Despite a hideous cover, the paper contained a pretty good mix of stories: Political columnist Peter Freyne shocked readers with a first-person piece about his time in a seminary, training to be a priest; English professor Phil Baruth, now a state senator, contributed an excerpt from his Burlington-inspired book, The Dream of the White Village. I profiled Henry Chauncey, the man who invented the Scholastic Aptitude Test, who was then a resident at Wake Robin in Shelburne.

There was even a food piece — a pizza survey — that perfectly served the purposes of our hungry, hardworking staff. Leonardo's came out on top, by the way, and remains our go-to brand for election nights at the office.

The next day we started all over again. As our oldest joke goes: Maybe if we'd called it "Five Days" we wouldn't be working seven days a week.

2020 - COURTESY ©️ SEVEN DAYS
  • Courtesy ©️ Seven Days
  • 2020

Still are, 25 years later, but the back-to-school stories have certainly changed. Instead of riffing on funny class names in local course catalogs, we're reporting about testing protocols and quarantine strategies. In this week's cover story, Derek Brouwer explores the lengths to which Vermont colleges are going to safely accommodate students. Delivering education has always been a challenge, but not like this.

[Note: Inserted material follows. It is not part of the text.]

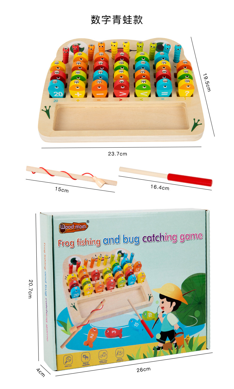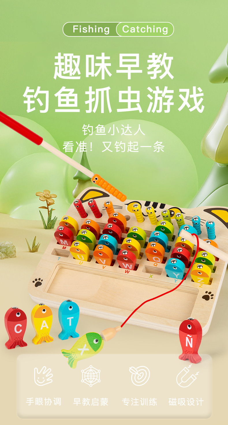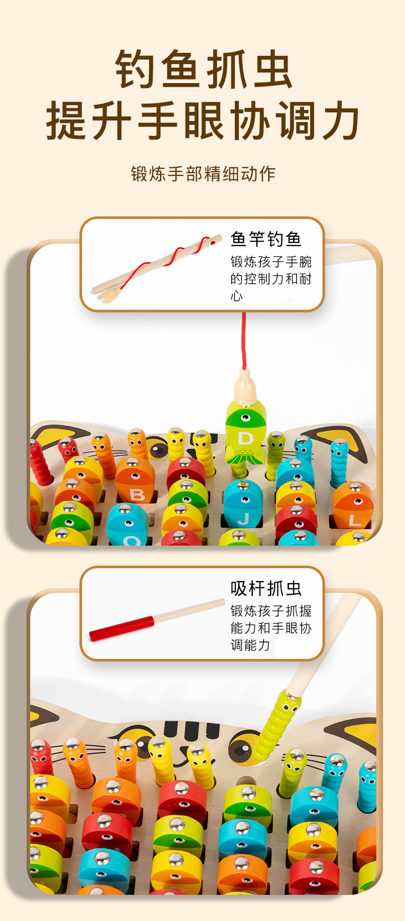 儿童木制磁性钓鱼抓虫游戏宝宝手眼协调英文认知数学运算益智玩具

College brought me to Vermont and, like many of my classmates, I stayed. I loved the landscape and the way people took care of each other. Community was not something we really had in suburban Maryland. Here, it seemed, was a place where people learned from the mistakes of the rest of the country — and worked hard to preserve what was good. I was in.

Many Seven Days staffers, including a few of our next-generation owners, tell similar stories. Enticing students to get to know Vermont, love it like we do, and maybe stick around has always been part of Seven Days' strategy.

Pre-pandemic, we published an annual newcomers' guide to Burlington, called What's Good, and hosted the Vermont Tech Jam, a career and tech expo. This fall we're brainstorming ways to give the current crop of students a glimpse of life beyond the ivory tower.

We hope the first lesson they'll learn is that Vermonters look out for one another. There's a reason the state's COVID-19 rates are the lowest in the nation, and we'd like to keep it that way, thank you.

So, welcome to Vermont, students. And please be responsible.